Information Paradox

What is information and what is a Paradox?

  We now know that a black hole's grasp is very strong, and once it catches something, it never lets go of it, nor does it leave anything behind, not even information. So, we will dig deep into it in this article. So, what is this information, or here we will consider physical information? Physical information is a type of information which refers to information about a portion of a physical universe, or in general, we can say that information is that thing which describes an uncertain something. Now we know what we understand by information, so now let us know what a paradox is. Simply saying "paradox" is a contradictory statement.

Continuing our real question 

    Coming back to our real question, what is an information paradox? The paradox says that as nothing can deal with the grasp of a blackhole, then some piece of information once taken in by a blackhole can never be retrieved back, but scientists relating to quantum mechanics say that information can neither be created nor be destroyed, which contradicts the above statement, which gives rise to the term we know as paradox. So, let us take an example to understand the information paradox. Imagine you wrote a whole big book with a lot of information about a project you are working on. Ultimately, this information which you wrote in the book will be inherent in the molecular makeup of the pages and the ink upon them. There is no information without physical manifestation in this world. Now just imagine that your book catches fire and burns down the whole book. Now what for you and me? All the information about your project is lost. But that's from your perspective; from the perspective of physics, particularly quantum physics, things aren't going to be so bad.

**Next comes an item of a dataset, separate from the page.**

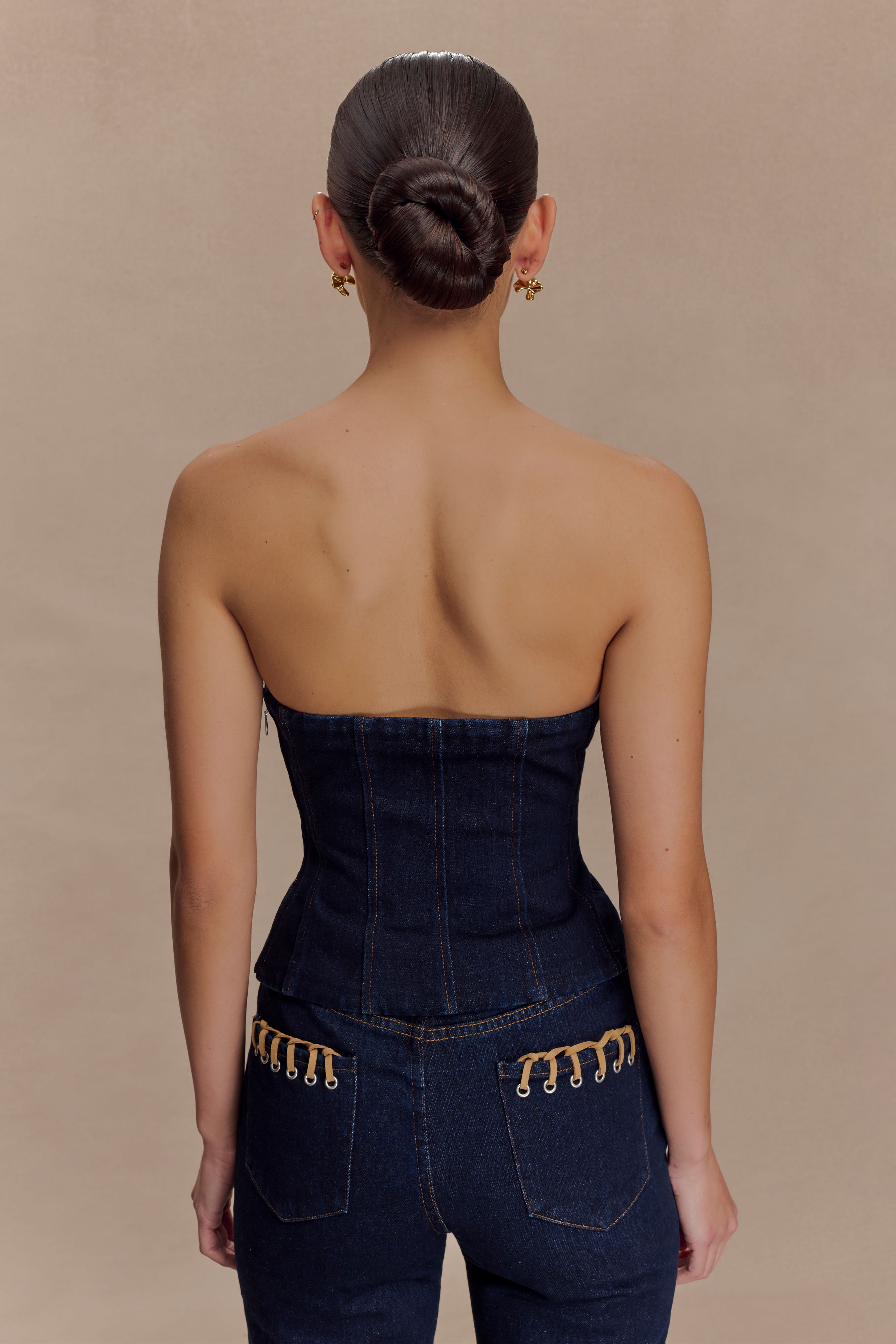 The TULLY Strapless Topstitch Denim Top is your new statement staple—crafted for structure with a sculpted edge. Designed with a flattering princess neckline and curved centre front shaping, this strapless silhouette is lined for comfort and features internal grip tape for added support. Topstitch detailing adds a tailored finish, while the zip and hook & eye closure ensures a secure, seamless fit. Pair it back with denim, tailoring, or a flowing maxi for an elevated day-to-night look.

     As a physical object or a system, the book is described by a mathematical object called a wave function. As it burns, changing its shape and consistency, the wave function changes accordingly. At the end, the wave function describes the ashes that remain. No information is lost in the process; it is simply transformed from the hard book into ashes. In theory, you can run the evolution of the wave function backwards and recover all the original information from the wave function about the ashes. But this is all on paper only. This can’t be shown in real life. This theory will only sound good in its own limited way. But now imagine your book has been squeezed to a very very small size, keeping the density and mass constant. At some point, your book will collapse into a black hole and the gravitational force will be extremely strong. As the size decreases, the gravitational pull increases. Now we are dealing with the black hole that contains all the information about your ongoing project. Now it's just a simple black hole and it has no relation to your information in real life. You just have to assume that it has your information within it.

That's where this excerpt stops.